**Work task**
Where the data below has the string "George", return the whole line.

── Data under study ──

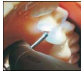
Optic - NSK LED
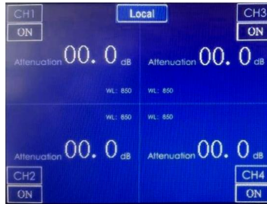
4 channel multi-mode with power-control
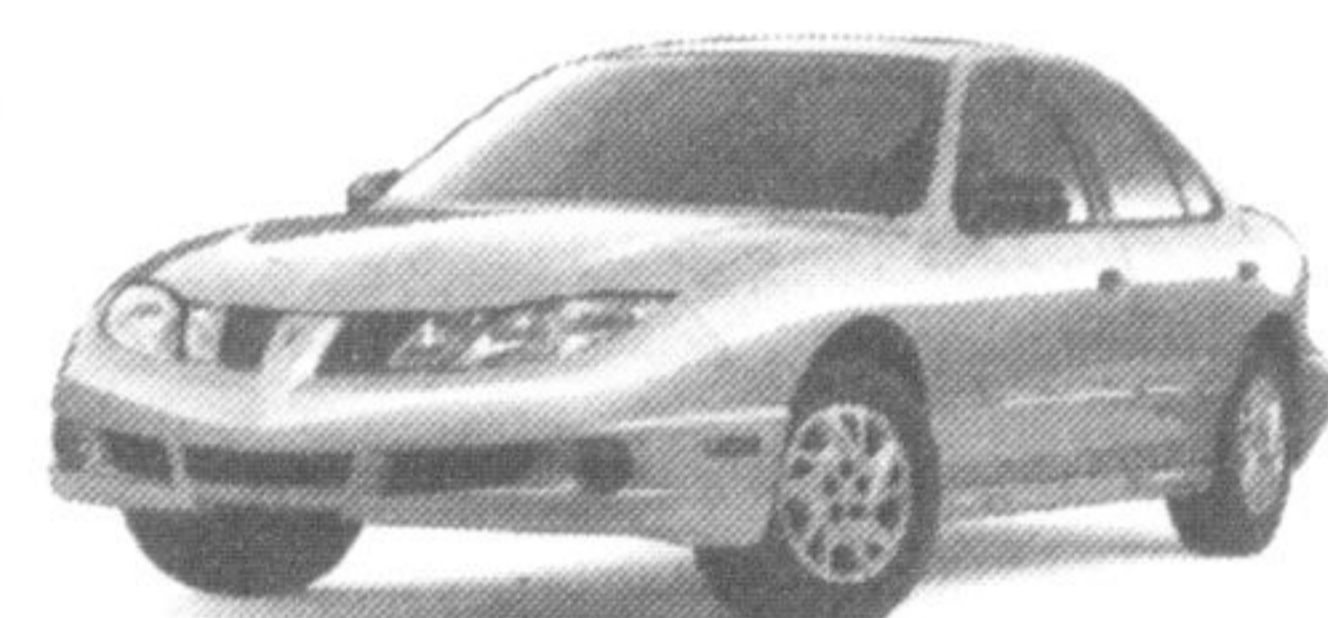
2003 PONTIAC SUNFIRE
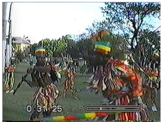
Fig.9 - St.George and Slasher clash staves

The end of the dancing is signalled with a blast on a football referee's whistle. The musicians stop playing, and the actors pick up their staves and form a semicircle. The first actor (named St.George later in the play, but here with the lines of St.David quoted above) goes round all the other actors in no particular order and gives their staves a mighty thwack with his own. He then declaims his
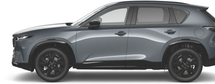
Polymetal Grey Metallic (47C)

───
── Data under study ──

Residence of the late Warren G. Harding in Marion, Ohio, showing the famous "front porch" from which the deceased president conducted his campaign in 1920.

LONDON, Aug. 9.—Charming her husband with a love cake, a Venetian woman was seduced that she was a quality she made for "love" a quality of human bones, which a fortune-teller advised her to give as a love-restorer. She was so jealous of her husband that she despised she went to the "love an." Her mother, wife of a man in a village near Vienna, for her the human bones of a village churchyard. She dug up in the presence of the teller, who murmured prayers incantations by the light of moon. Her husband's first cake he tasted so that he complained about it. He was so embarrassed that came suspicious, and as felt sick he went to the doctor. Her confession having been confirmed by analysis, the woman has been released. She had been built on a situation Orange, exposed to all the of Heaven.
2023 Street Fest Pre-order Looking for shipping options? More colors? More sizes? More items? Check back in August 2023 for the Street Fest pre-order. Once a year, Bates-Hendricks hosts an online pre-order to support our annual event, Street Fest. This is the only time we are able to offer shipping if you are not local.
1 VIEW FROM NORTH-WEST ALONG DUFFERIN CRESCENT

───

**Written answer**
Fig.9 - St.George and Slasher clash staves
The end of the dancing is signalled with a blast on a football referee's whistle. The musicians stop playing, and the actors pick up their staves and form a semicircle. The first actor (named St.George later in the play, but here with the lines of St.David quoted above) goes round all the other actors in no particular order and gives their staves a mighty thwack with his own. He then declaims his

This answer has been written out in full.